§ **WHAT IS BEING ASKED**
Would you reproduce exactly the lines below from the one holding "早有耳闻,英迪格酒吧的风景同" through the one holding "Dzsungel gyurmakészlet 4", inclusive, and no others?

§ **DATA EXTRACTS**
==================================================
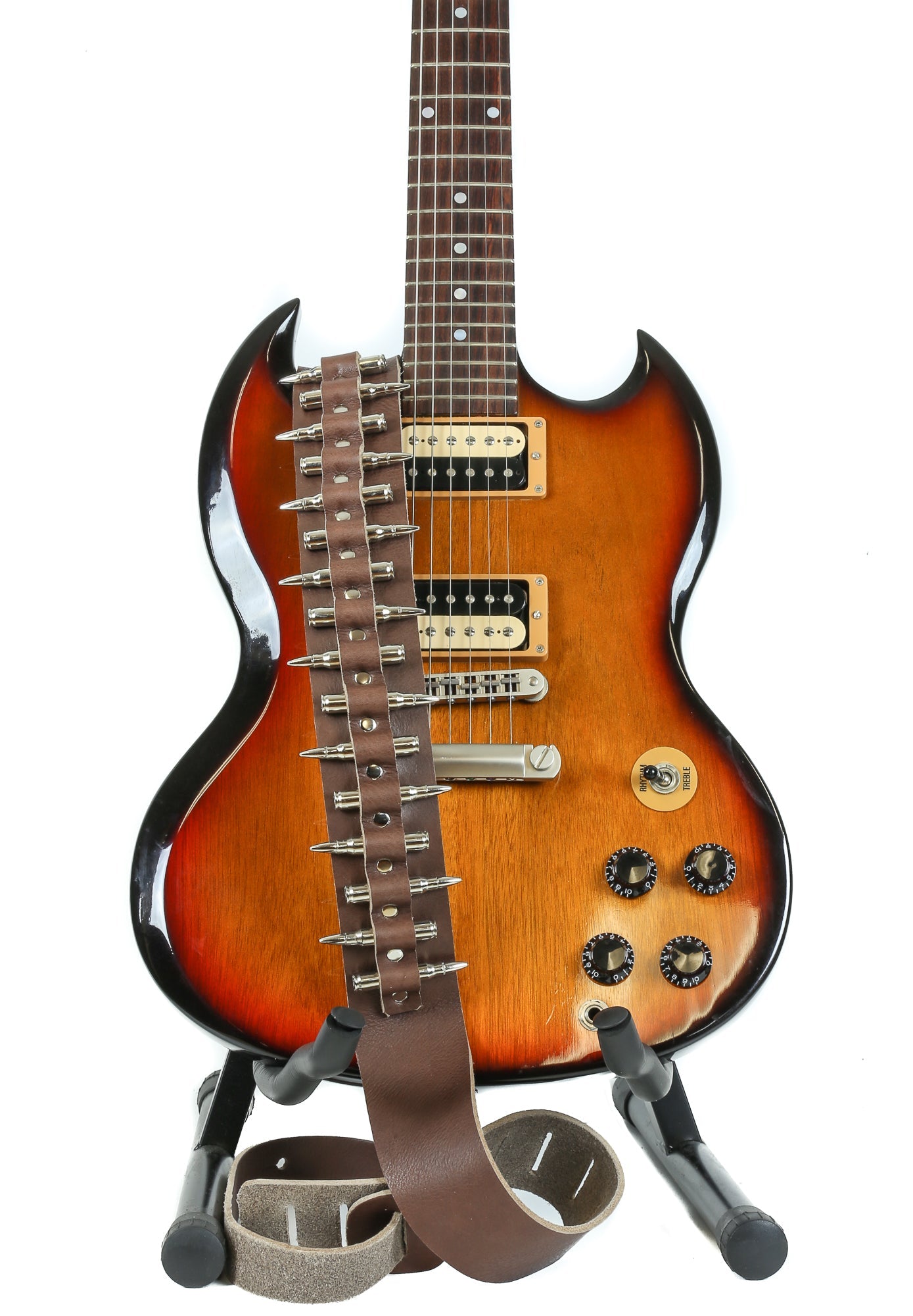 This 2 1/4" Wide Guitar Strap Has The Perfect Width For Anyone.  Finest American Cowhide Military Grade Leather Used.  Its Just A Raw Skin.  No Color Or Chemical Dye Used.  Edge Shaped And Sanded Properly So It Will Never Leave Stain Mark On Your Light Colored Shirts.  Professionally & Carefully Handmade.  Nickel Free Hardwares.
==================================================
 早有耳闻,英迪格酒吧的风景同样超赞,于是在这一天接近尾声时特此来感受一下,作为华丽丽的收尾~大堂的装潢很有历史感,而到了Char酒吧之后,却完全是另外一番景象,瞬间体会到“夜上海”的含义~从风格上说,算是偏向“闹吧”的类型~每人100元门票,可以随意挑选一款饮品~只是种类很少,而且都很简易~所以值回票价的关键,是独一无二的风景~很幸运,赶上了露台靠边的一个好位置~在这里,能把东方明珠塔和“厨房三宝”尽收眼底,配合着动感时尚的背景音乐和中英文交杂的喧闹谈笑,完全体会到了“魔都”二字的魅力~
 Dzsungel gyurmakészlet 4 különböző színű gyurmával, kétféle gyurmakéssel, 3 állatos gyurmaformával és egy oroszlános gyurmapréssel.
==================================================
§ **EXERCISE SOLUTION**
 早有耳闻,英迪格酒吧的风景同样超赞,于是在这一天接近尾声时特此来感受一下,作为华丽丽的收尾~大堂的装潢很有历史感,而到了Char酒吧之后,却完全是另外一番景象,瞬间体会到“夜上海”的含义~从风格上说,算是偏向“闹吧”的类型~每人100元门票,可以随意挑选一款饮品~只是种类很少,而且都很简易~所以值回票价的关键,是独一无二的风景~很幸运,赶上了露台靠边的一个好位置~在这里,能把东方明珠塔和“厨房三宝”尽收眼底,配合着动感时尚的背景音乐和中英文交杂的喧闹谈笑,完全体会到了“魔都”二字的魅力~
 Dzsungel gyurmakészlet 4 különböző színű gyurmával, kétféle gyurmakéssel, 3 állatos gyurmaformával és egy oroszlános gyurmapréssel.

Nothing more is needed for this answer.